Prompt:
Of the lines in the data below, write out exactly those from the one holding "Follow the below" through the one holding "Below are Portfolio", both included.

Source information:
════════
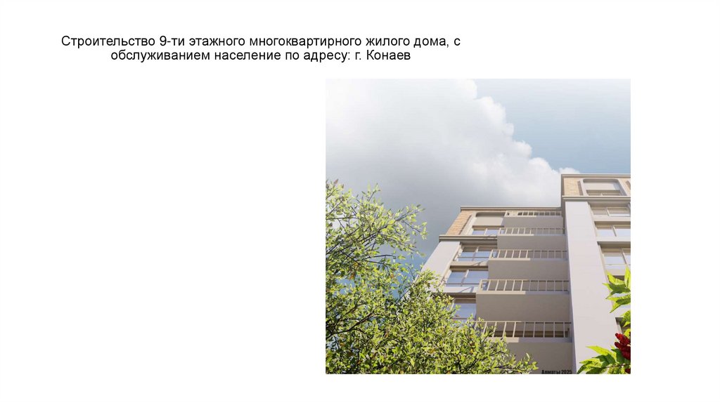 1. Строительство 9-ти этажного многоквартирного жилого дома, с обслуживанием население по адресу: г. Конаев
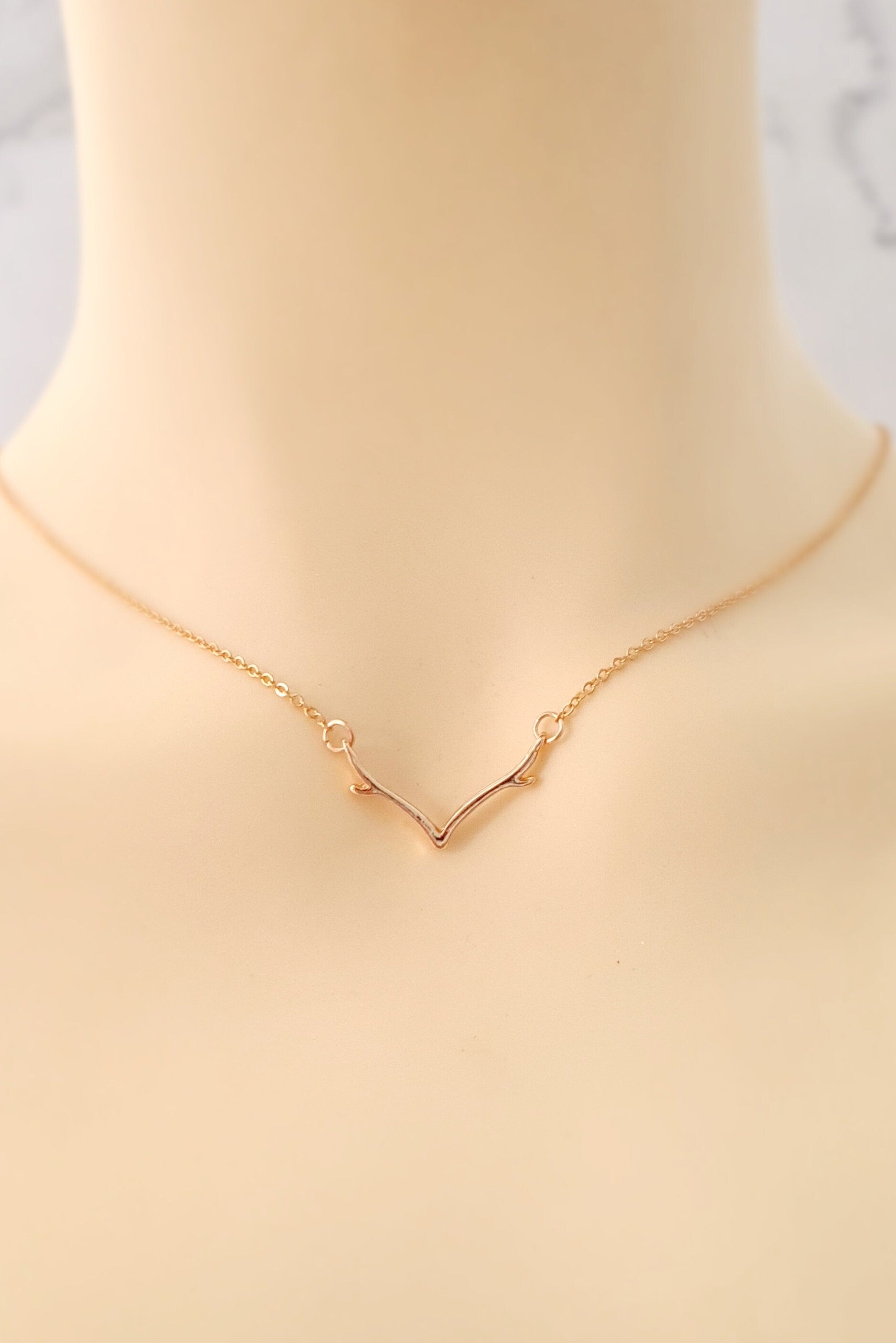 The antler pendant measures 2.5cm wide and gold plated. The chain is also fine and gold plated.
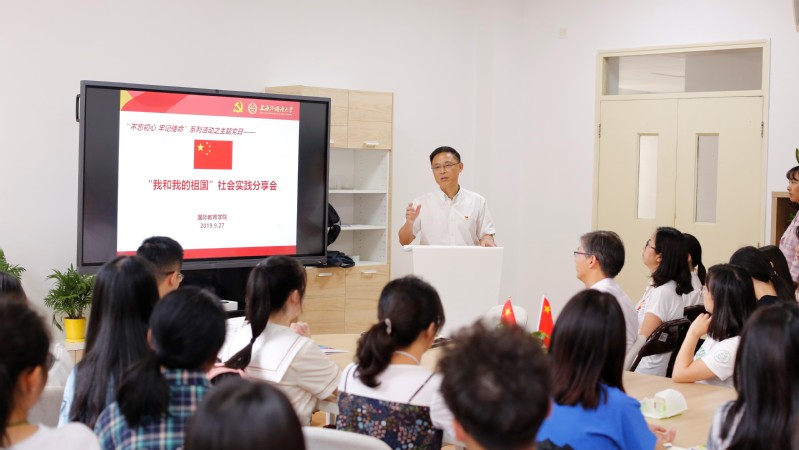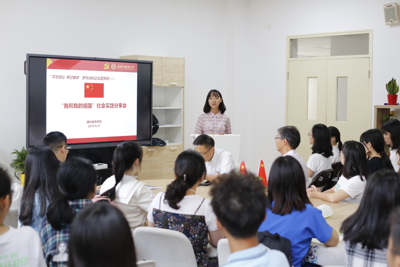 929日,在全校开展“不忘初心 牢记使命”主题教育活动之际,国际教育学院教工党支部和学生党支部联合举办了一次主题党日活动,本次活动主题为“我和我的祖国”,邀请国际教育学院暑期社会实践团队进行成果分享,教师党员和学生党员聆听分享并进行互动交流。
════════
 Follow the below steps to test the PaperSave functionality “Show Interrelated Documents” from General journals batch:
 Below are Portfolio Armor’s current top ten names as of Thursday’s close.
════════
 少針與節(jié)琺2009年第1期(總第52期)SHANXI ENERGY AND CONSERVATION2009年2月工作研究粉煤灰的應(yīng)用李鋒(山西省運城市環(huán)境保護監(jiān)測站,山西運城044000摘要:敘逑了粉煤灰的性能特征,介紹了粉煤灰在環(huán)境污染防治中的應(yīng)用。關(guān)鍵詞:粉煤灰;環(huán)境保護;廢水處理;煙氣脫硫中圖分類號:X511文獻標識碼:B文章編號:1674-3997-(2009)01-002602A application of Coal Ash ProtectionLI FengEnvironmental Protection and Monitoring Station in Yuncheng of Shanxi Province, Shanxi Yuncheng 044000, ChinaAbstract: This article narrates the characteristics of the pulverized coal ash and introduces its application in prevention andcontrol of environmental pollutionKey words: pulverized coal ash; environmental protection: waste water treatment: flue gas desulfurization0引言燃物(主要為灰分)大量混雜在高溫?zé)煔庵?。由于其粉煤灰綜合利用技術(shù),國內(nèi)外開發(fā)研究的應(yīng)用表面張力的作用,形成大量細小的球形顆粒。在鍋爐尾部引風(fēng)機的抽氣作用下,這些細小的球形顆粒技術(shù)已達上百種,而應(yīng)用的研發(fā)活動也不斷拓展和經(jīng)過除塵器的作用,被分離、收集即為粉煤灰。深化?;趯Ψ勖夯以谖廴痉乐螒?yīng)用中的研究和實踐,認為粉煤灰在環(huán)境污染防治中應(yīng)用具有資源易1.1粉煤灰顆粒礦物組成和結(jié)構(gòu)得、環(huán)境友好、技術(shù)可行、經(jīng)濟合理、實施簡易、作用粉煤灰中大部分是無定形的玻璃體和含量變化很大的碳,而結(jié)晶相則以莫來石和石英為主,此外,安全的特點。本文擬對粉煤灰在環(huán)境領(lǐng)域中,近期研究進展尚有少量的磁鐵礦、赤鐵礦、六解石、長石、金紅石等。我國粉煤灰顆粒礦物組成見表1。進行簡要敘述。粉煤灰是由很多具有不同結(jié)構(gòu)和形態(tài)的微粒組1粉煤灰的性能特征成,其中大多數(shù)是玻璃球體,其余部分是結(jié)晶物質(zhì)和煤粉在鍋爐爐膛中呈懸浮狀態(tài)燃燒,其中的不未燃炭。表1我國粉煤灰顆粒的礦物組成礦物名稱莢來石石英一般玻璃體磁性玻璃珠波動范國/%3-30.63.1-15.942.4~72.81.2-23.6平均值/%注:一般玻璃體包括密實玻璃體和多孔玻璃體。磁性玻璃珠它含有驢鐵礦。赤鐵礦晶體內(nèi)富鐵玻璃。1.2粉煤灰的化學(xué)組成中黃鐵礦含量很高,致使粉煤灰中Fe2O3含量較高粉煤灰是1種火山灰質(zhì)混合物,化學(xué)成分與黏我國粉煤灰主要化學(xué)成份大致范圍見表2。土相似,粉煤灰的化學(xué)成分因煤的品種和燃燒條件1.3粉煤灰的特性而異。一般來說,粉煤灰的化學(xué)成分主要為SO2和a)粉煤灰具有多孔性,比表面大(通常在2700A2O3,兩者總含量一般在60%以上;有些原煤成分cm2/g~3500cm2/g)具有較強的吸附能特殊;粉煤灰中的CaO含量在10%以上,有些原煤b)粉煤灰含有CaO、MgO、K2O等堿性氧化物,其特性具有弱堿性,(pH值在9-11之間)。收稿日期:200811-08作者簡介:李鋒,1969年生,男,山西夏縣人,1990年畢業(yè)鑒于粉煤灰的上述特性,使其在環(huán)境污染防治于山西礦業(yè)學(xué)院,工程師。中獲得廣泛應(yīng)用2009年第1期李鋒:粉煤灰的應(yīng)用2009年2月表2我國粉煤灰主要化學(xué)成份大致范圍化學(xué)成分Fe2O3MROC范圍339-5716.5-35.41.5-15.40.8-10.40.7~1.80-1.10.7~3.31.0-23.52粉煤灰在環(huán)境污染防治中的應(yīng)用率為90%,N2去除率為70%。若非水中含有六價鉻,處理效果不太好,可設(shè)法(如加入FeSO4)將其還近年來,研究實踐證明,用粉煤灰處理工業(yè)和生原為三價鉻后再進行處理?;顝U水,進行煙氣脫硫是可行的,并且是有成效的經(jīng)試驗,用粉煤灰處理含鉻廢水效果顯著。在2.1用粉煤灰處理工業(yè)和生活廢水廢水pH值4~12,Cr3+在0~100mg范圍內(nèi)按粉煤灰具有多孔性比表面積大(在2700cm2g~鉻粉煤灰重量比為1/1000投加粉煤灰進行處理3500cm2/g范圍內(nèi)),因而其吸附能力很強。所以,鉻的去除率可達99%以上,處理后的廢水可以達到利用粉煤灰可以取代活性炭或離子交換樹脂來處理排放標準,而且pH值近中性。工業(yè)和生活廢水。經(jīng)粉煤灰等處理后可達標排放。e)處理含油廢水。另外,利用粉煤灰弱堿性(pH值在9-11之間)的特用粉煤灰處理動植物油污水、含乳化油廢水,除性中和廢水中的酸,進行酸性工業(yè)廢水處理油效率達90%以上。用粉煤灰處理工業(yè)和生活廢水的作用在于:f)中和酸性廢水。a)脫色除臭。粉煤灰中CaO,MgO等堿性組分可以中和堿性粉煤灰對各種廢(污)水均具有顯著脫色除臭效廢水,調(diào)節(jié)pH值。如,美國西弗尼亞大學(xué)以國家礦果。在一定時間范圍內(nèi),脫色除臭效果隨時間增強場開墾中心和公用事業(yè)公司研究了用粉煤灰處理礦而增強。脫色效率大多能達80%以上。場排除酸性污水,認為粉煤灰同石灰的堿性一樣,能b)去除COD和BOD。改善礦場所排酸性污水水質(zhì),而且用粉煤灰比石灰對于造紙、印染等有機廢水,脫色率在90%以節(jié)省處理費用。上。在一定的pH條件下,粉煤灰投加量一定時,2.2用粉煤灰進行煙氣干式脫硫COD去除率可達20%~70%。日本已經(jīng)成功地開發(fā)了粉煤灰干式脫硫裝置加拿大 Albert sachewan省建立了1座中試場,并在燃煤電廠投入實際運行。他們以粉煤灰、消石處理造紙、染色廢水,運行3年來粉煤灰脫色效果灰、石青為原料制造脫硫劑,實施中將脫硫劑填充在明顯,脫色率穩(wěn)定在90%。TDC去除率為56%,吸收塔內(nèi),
════════
Answer space:
 Follow the below steps to test the PaperSave functionality “Show Interrelated Documents” from General journals batch:
 Below are Portfolio Armor’s current top ten names as of Thursday’s close.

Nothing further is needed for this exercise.